Exercise objective
Retype the listing below line for line, but only from the line with "如圖5所 示,為運輸振動 CK" down to the line with "圖3:使用載鐵鉑活性炭催化劑將糠醛轉化為糠醇的催化劑可回收性。", inclusive. Pictures stay out.

Supplied information
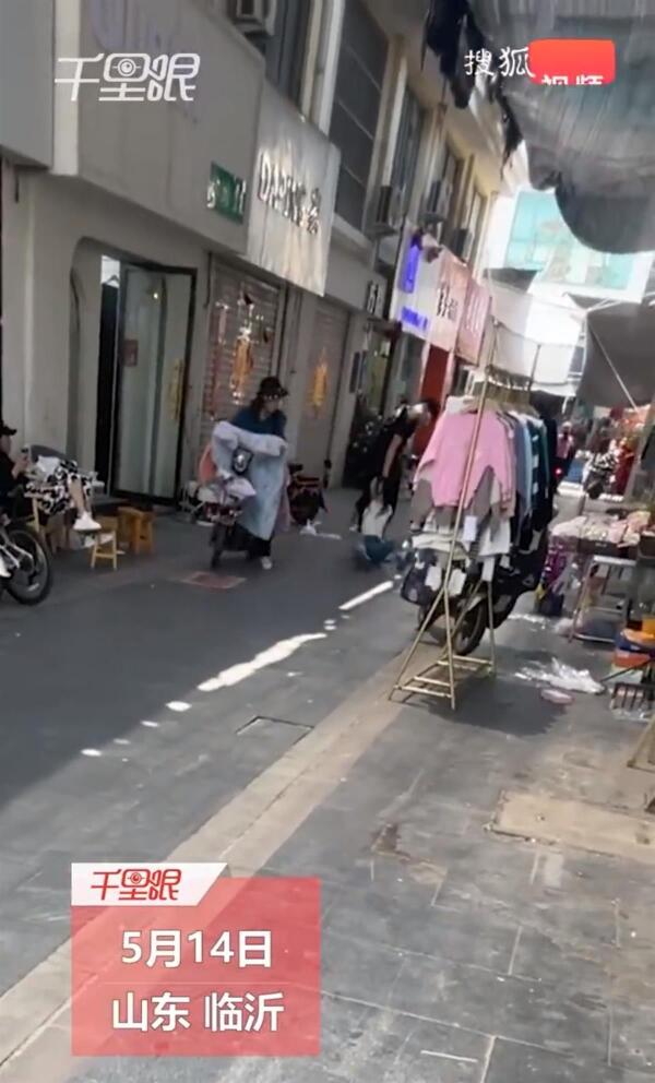 5月14日,山东临沂,一男子当街薅拽着女子的头发往前拖行殴打,被多名路人阻止并报警。
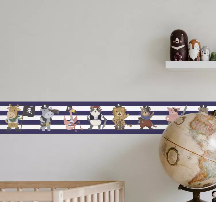 Referentienummer: A47219Een levendige verzameling van piratenthema dierenpersonages die in speelse houdingen zijn weergegeven. Elk dier draagt verschillende piratenaccessoires, wat een heerlijke en avontuurlijke sfeer creëert, perfect voor kinderruimtes. Het ontwerp bevat strepen, wat een stijlvolle nautische element aan het geheel toevoegt.
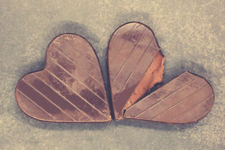 Chocolate hearts on a dark background. Valentine's Day background.
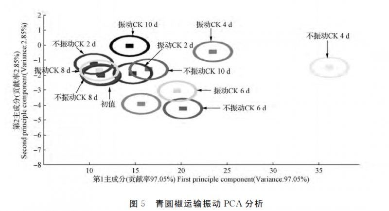 如圖5所 示,為運輸振動 CK 和不振動 CK青圓椒的 PCA 分析圖(A 組),2組的尖椒主成分1的貢獻率 為 97.05%,主成分 2 的貢獻率為2.85%,總貢獻率 為99.90%。表明2個主成分已經(jīng)基本代表了樣品的主要信息特征,電子鼻能夠?qū)悠泛唾A藏時間加以區(qū)分。從 圖5可以看出,青圓椒的振動 CK 和不振動 CK10d內(nèi)的揮發(fā)性物質(zhì)成分區(qū)域較為接近,且不同貯藏時間內(nèi)揮發(fā)性物質(zhì)成分區(qū)域有重疊,說明振動組和不振動組貯藏10d內(nèi)的青圓椒果實揮發(fā)性物質(zhì)變化不大,在貯藏期內(nèi),運輸振動和不振動對青圓椒的氣味影響不大,均可保持青圓椒的香氣。
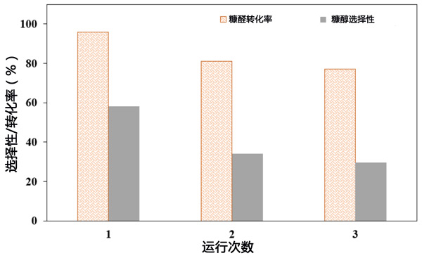圖3:使用載鐵鉑活性炭催化劑將糠醛轉化為糠醇的催化劑可回收性。
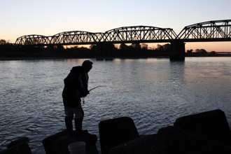 / 人,橋,木,植物,河畔植生,川,空,帽子,バケツ,釣り竿,手袋,魚,建物
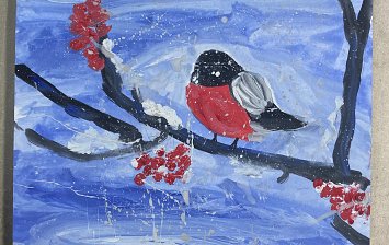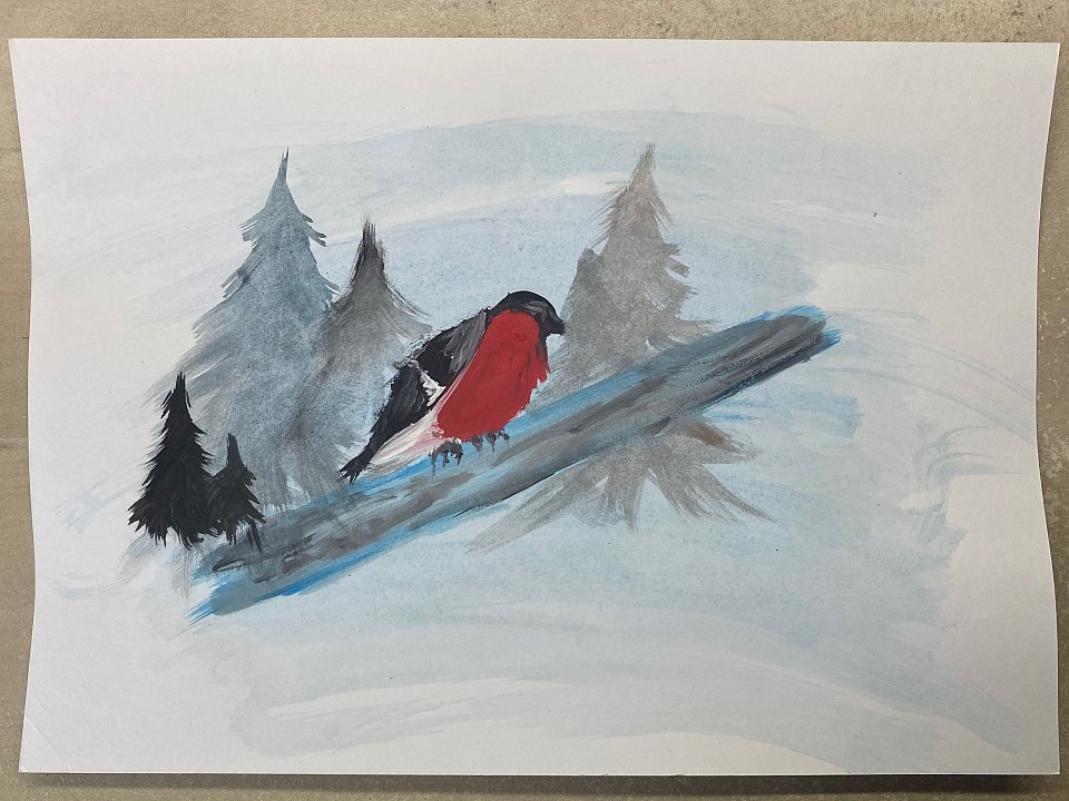 13 лет. Работа выполнена гуашью в технике "по сухому"
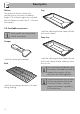 • With the Grill function, we recommend that you turn the temperature knob to the maximum value near the symbol to optimise cooking. • Foods should be seasoned before cooking. Foods should also be coated with oil or melted butter before cooking. • Use the oven tray on the first bottom shelf to collect fluids produced by grilling. • Grilling processes should never last more than 60 minutes. Advice for cooking desserts/pastries and biscuits • Use dark metal moulds: they help to absorb the heat better.
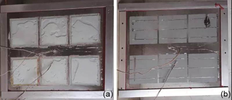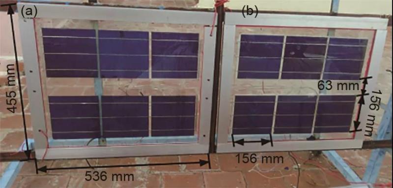 圖4 (a) 裝有PCM的半透明光伏建筑一體化系統(tǒng)背面(b) 沒有PCM的半透明光伏建筑一體化系統(tǒng)背面

Task solution
 如圖5所 示,為運輸振動 CK 和不振動 CK青圓椒的 PCA 分析圖(A 組),2組的尖椒主成分1的貢獻率 為 97.05%,主成分 2 的貢獻率為2.85%,總貢獻率 為99.90%。表明2個主成分已經(jīng)基本代表了樣品的主要信息特征,電子鼻能夠?qū)悠泛唾A藏時間加以區(qū)分。從 圖5可以看出,青圓椒的振動 CK 和不振動 CK10d內(nèi)的揮發(fā)性物質(zhì)成分區(qū)域較為接近,且不同貯藏時間內(nèi)揮發(fā)性物質(zhì)成分區(qū)域有重疊,說明振動組和不振動組貯藏10d內(nèi)的青圓椒果實揮發(fā)性物質(zhì)變化不大,在貯藏期內(nèi),運輸振動和不振動對青圓椒的氣味影響不大,均可保持青圓椒的香氣。
圖3:使用載鐵鉑活性炭催化劑將糠醛轉化為糠醇的催化劑可回收性。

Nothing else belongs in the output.